Investment Funds and Securities Transactions

  • Represent Maple Partners in a capital raise and its related recapitalization, together with Goldman Sachs Private Capital Investing, of Lakeshore Recycling Systems, the largest private waste company in Illinois.
  • Advise a global investment management company with respect to New Jersey Shareholder Protection Act and related poison pill issues in connection with the proposed $5 billion hostile takeover by Martin Marietta Materials, Inc. of New Jersey corporation, Vulcan Materials Co.
  • Represent a $400 million private trust in a series of investments and divestures in various private equity funds, hedge funds and technology companies.

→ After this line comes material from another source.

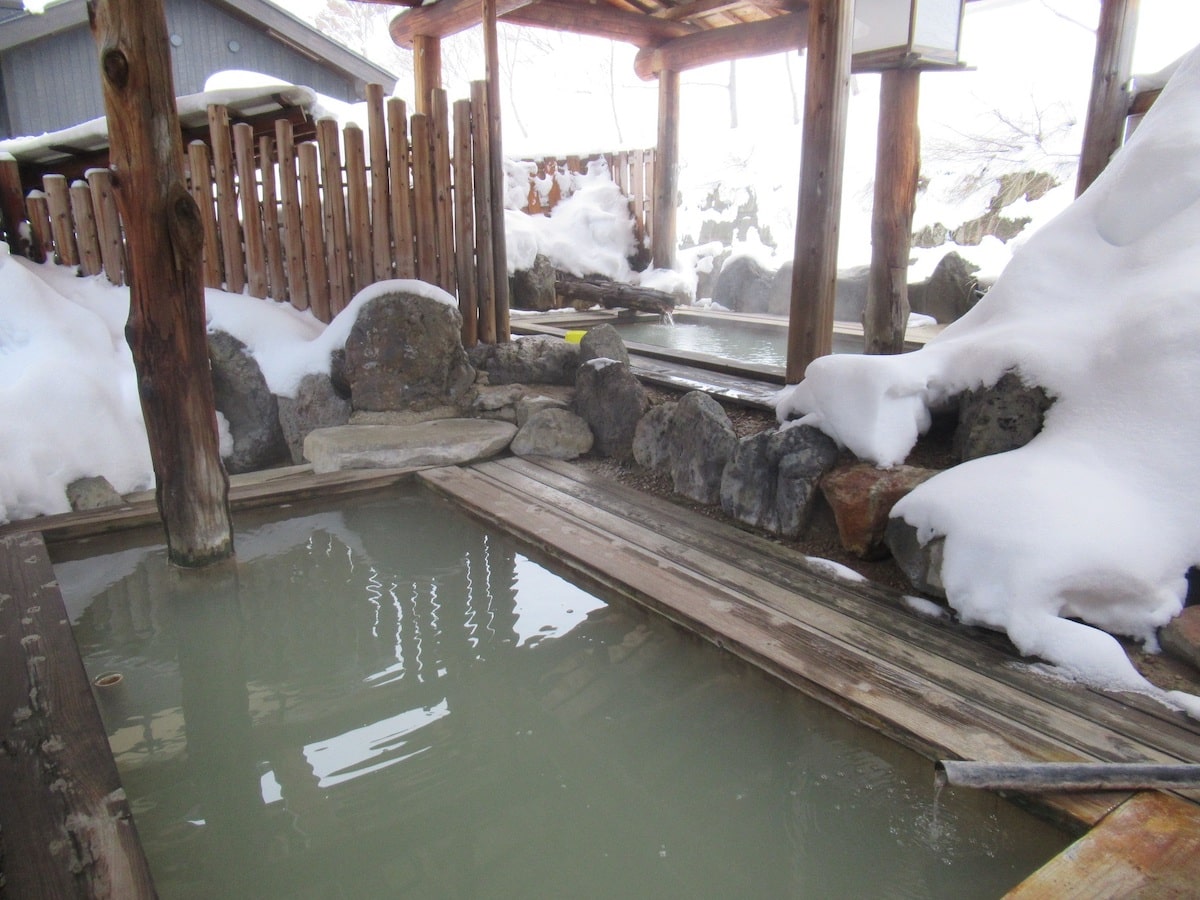 2つの異なる泉質のにごり湯が湧き出ており、混浴露天風呂や女性専用の露天風呂、男女専用の内風呂では硫黄温泉、大露天風呂では単純泉が堪能できます。

  • Represent controlling shareholder of financial services firm in the spin-off of its investment management business to current shareholders and key employees.
  • Represent Foundation Venture Capital Group, LLC (“FVCG”) in early-stage and later round investments in, and subsequent sales of, several drug discovery and development companies. FVCG, a scientific discovery venture fund, exclusively invests in start-up companies developing technology at Rutgers University.
  • Represent individuals in $20 million of PIPE investments in NASDAQ- and TSX (Toronto) Venture Exchange-listed companies by means of the issuance of new classes of senior convertible preferred stock, convertible notes and warrants. These representations also involved advising clients regarding board rights, fiduciary duties and related issues.
  • Represent Aeon (U.S.A.), Inc., as the majority shareholder of The Talbots, Inc., in its $517 million acquisition of The J. Jill Group.